When Parks was 11 years old, three white boys threw him into the Marmaton River, believing he couldn't swim. He had the presence of mind to duck underwater so they wouldn't see him make it to land. His mother died when he was fourteen. He spent his last night at the family home sleeping beside his mother's coffin, seeking not only solace, but a way to face his own fear of death

Soon after, he was sent to St. Paul, Minnesota, to live with a sister and her husband. He and his brother-in-law argued frequently and Parks was finally turned out onto the street to fend for himself at the age of 15. Struggling to survive, he worked in brothels, and as a singer, piano player, bus boy, traveling waiter, and semi-pro basketball player. In 1929, he briefly worked in a gentlemen's club, the Minnesota Club.

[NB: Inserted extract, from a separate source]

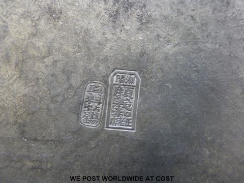 A 19thC Chinese Paktong tray engraved with Chinese court scene and signed to back (31cm long)

There he observed the trappings of success and was able to read many books from the club library. When the Wall Street Crash of 1929 brought an end to the club, he jumped a train to Chicago, where he managed to land a job in a flophouse.

At the age of twenty eight, Parks was struck by photographs of migrant workers in a magazine. He bought his first camera, a Voigtländer Brillant, for $12.50 at a Seattle, Washington, pawnshop and taught himself how to take photos. The photography clerks who developed Parks's first roll of film applauded his work and prompted him to seek a fashion assignment at a women's clothing store in St. Paul, Minnesota, owned by Frank Murphy. Those photographs caught the eye of Marva Louis, wife of heavyweight boxing champion Joe Louis. She encouraged Parks and his wife, Sally Alvis, to move to Chicago in 1940, where he began a portrait business and specialized in photographs of society women. Parks's photographic work in Chicago, especially in capturing the myriad experiences of African Americans across the city, led him to receive the Julius Rosenwald Fellowship, in 1942, paying him $200 a month and offering him his choice of employer, which, in turn, contributed to being asked to join the Farm Security Administration (FSA), which was chronicling the nation's social conditions, under the auspice of Roy Stryker.
Over the next few years, Parks moved from job to job, developing a freelance portrait and fashion photographer sideline. He began to chronicle the city's South Side black ghetto and, in 1941, an exhibition of those photographs won Parks a photography fellowship with the FSA
Working at the FSA as a trainee under Roy Stryker,Parks created one of his best-known photographs, American Gothic, Washington, D.C., named after the iconic Grant Wood painting American Gothic—a legendary painting of a traditional, stoic, white American farmer and daughter—which bore a striking, but ironic, resemblance to the Parks photograph of a black menial laborer. Parks's "haunting" photograph shows a black woman, Ella Watson, who worked on the cleaning crew of the FSA building, standing stiffly in front of an American flag hanging on the wall, a broom in one hand and a mop in the background. Parks had been inspired to create the image after encountering racism repeatedly in restaurants and shops in the segregated capital city
Upon viewing the photograph, Stryker said that it was an indictment of America, and that it could get all of his photographers fired. He urged Parks to keep working with Watson, which led to a series of photographs of her daily life. Parks said later that his first image was overdone and not subtle; other commentators have argued that it drew strength from its polemical nature and its duality of victim and survivor, and thus affected far more people than his subsequent pictures of Mrs. Watson

Parks's overall body of work for the federal government—using his camera "as a weapon"—would draw far more attention from contemporaries and historians than that of all other black photographers in federal service at the time. Today, most historians reviewing federally commissioned black photographers of that era focus almost exclusively on Parks.